Une autre espèce récemment découverte, nommée Nanaimoteuthis jeletzkii, était également un prédateur mais était de plus petite taille, atteignant 8 mètres de longueur.
Les chercheurs ont déclaré que les résultats montrent que les deux espèces n’étaient pas de simples proies.
Au lieu de cela, ils ont participé très activement à la formation des écosystèmes marins tout en occupant des rôles auparavant attribués uniquement aux grands vertébrés tels que les requins.
L’équipe a déclaré que l’usure trouvée sur les mâchoires fossilisées indiquait qu’il s’agissait de carnivores actifs qui écrasaient régulièrement des coquilles et des os durs.
“Chez les plus gros individus, les mâchoires présentaient une usure importante, avec des traits autrefois pointus chez les petits juvéniles, devenant émoussés et arrondis avec le temps”, ont indiqué les scientifiques.
“Les longues égratignures réparties sur les larges parties de leurs mâchoires reflètent l’utilisation dynamique de l’ensemble de la mâchoire pour déchirer leurs proies.”
Ils ont déclaré que la perte des bords de la mâchoire n’était pas uniforme de chaque côté, ce qui indique que les poulpes avaient un côté « préféré » pour mâcher.
Ceci est associé à un cerveau et à une cognition très développés, indiquant « que les premières pieuvres possédaient déjà une intelligence avancée ».
“Bien après l’avènement des grands prédateurs vertébrés, les poulpes ont développé des plans corporels capables de rivaliser avec eux, comme le montre ici”, a conclu l’équipe.
Des chercheurs ont déjà déclaré que les motifs cutanés créés par les poulpes pendant la sieste peuvent indiquer qu’elles sont capables de quelque chose qui s’apparente à un rêve.
Comme les humains, les poulpes se déplacent entre deux stades de sommeil : un stade réparateur et un stade actif rappelant le sommeil paradoxal (REM) chez les mammifères.
Lorsqu’elles sont éveillées, les poulpes créent une variété de motifs cutanés différents qu’elles utilisent pour se camoufler dans différents environnements, ainsi que dans des situations sociales ou de menace, comme avertir les prédateurs et communiquer entre elles.
Taille N. haggarty par rapport aux autres prédateurs marins de l’époque. Un homme est également représenté, montrant la taille de l’ancienne bête colossale.
L’étude a montré que les animaux subissaient les mêmes schémas cutanés pendant leur sommeil actif.
Parmi les autres anciens prédateurs ressemblant à des poulpes, citons le plus ancien ancêtre connu du calmar vampire, qui avait des tétines extra-longues et des touffes de poils sur ses bras qu’il utilisait pour attraper ses proies.
Cela diffère des calmars vampires modernes, qui se nourrissent uniquement de matières organiques en suspension et ne sont pas construits pour la chasse active, avec des mammifères moins robustes.

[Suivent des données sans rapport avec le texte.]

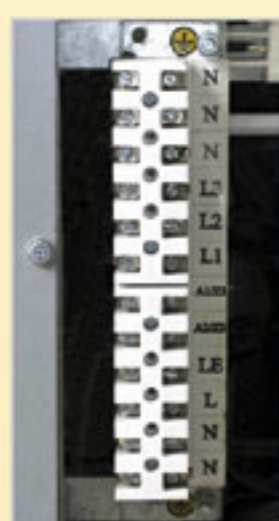
Czytelna listwa przyłączeniowa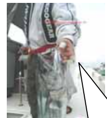
この鋭い歯を見てください! い!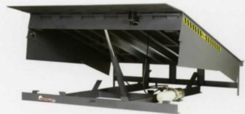
Systèmes hydrauliques de mise à niveau de Pentalift

Conçu pour offrir fiabilité, sécurité et rendement!

Une équipe de recherche de l’Université de la Sorbonne en France a utilisé une technique d’imagerie tridimensionnelle sur un spécimen fossilisé de ce céphalopode vieux de 164 millions d’années.
Ils ont trouvé des traces de ventouses musculaires sur les extrémités de deux longs bras dorsaux spécialisés, ce qui suggère qu’il s’agissait d’un chasseur de prédateurs actif.